Data provided →
<<<<

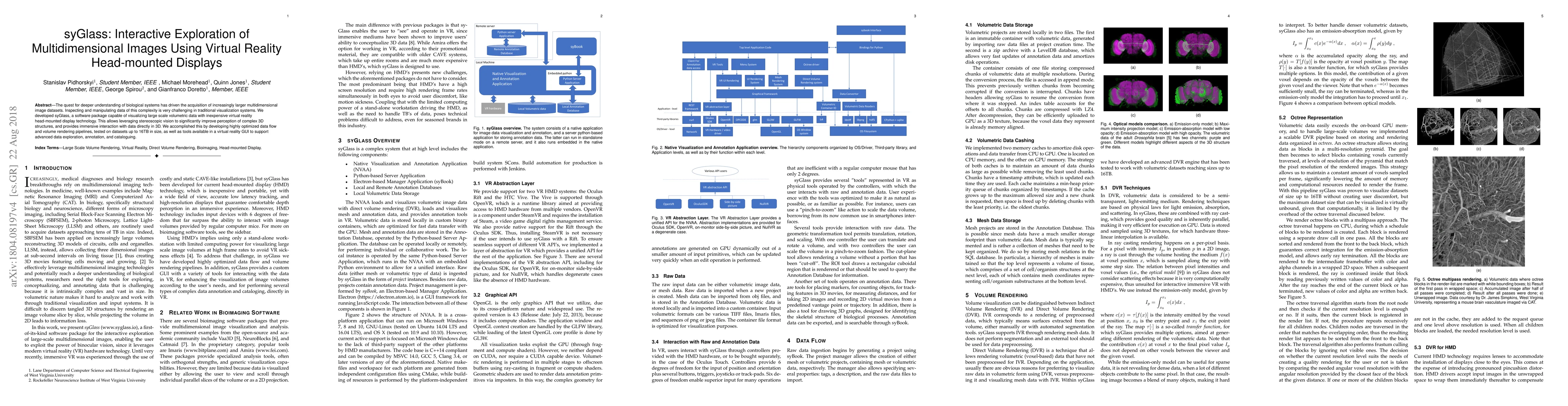 syGlass is a software package for visualizing large volumetric datasets using virtual reality head-mounted displays, enabling immersive 3D exploration and interaction. It features optimized rendering pipelines and a VR GUI for advanced data manipulation and annotation.
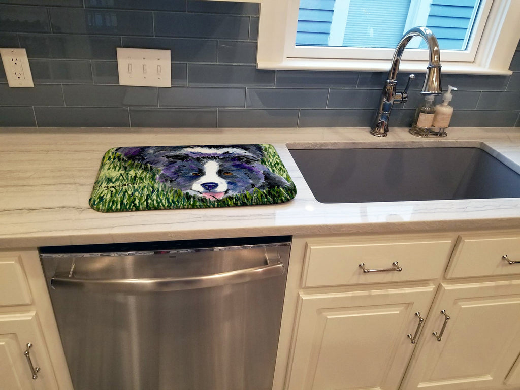 Decorate your space with our Border Collie artwork on a Dish Drying Mat. Say goodbye to messy countertops and soggy dish towels with our innovative dish drying mat. Our high-quality dish drying pad is designed to keep your countertops dry while offering a stylish and efficient solution. Whether you're air drying dishes, glasses, stemware, silverware, pots, pans, bottles, or even fruits and vegetables, our dish mat is the perfect choice. The 14 inches x 22 inches size fits most counters and dish drying racks, and the non-slip design ensures stability. Made with water-absorbent polyester and a polyurethane foam insert, our dish drying mat is not only functional but also durable. It's machine washable and printed in the USA for long-lasting use. The beautiful artwork adds flair to your kitchen decor, making it a perfect housewarming gift or present for any occasion. Upgrade your kitchen experience with our absorbent and versatile dish drying mat.
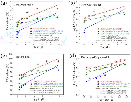 TAA release data fitted with different kinetic models, the (a) zero–order, (b) first–order, (c) Higuchi, and (d) Korsmeyer–Peppas models.

>>>>

Reproduce the data verbatim and omit each image.

 syGlass is a software package for visualizing large volumetric datasets using virtual reality head-mounted displays, enabling immersive 3D exploration and interaction. It features optimized rendering pipelines and a VR GUI for advanced data manipulation and annotation.
 Decorate your space with our Border Collie artwork on a Dish Drying Mat. Say goodbye to messy countertops and soggy dish towels with our innovative dish drying mat. Our high-quality dish drying pad is designed to keep your countertops dry while offering a stylish and efficient solution. Whether you're air drying dishes, glasses, stemware, silverware, pots, pans, bottles, or even fruits and vegetables, our dish mat is the perfect choice. The 14 inches x 22 inches size fits most counters and dish drying racks, and the non-slip design ensures stability. Made with water-absorbent polyester and a polyurethane foam insert, our dish drying mat is not only functional but also durable. It's machine washable and printed in the USA for long-lasting use. The beautiful artwork adds flair to your kitchen decor, making it a perfect housewarming gift or present for any occasion. Upgrade your kitchen experience with our absorbent and versatile dish drying mat.
 TAA release data fitted with different kinetic models, the (a) zero–order, (b) first–order, (c) Higuchi, and (d) Korsmeyer–Peppas models.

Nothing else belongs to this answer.